Hari Raya Haji is a significant date in the Islamic calendar. Also known as the "Festival of Sacrifice", it honours the Prophet Abraham’s willingness to sacrifice his son as an act of obedience to God and to recognise his faith.

However, like most celebrations, this year's occasion will be markedly different due to measures put in place by Phase 2. Let's take a look at the various changes that will take place on 31st July.

Mosques To Conduct Limited Hari Raya Haji Prayers 

Muslims will be able to perform their Hari Raya Haji prayers at 65 mosques across Singapore according to the Islamic Religious Council of Singapore (MUIS). 
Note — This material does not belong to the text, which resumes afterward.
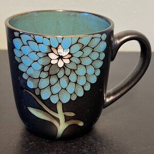 Gibson Home Designs GARDENIA CAFE Stoneware Mug ~ Turquoise on Black
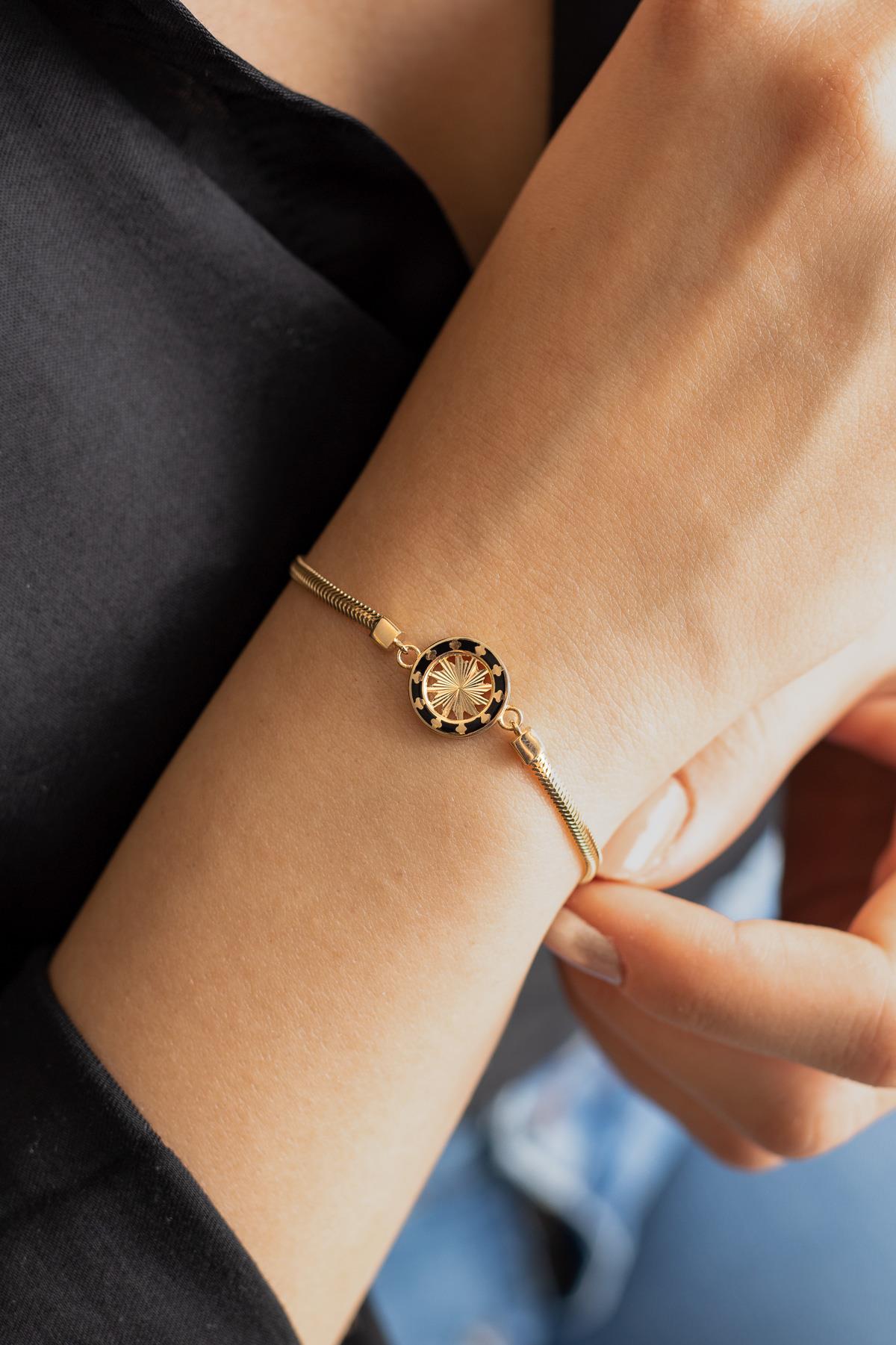 Semiz Kuyumculuk Siyah Mineli Güneş Altın Bileklik

With limited spaces and social distancing measures put it place, this will allow congregants to perform their Hari Raya prayers safely in three morning session. However, it is highly encouraged for families to conduct their prayers at home if they aren't able to secure a slot.

Modified Korbans

The commemoration of Hari Raya Haji is typically done by offering a sacrifice of livestock (called korban or qurban) which is then distributed to the poor and needy. It is usually performed in local mosques under strict guidelines by the Singapore Food Agency (SFA).

However with hygiene measures being strictly implemented due to COVID-19, no livestock will be imported to Singapore for the korban this year.

Instead, MUIS will be organising modified korbans that will be performed in Australia. The meat will then be chilled and shipped to Singapore for distribution. The meat obtained will still be distributed to low-income families.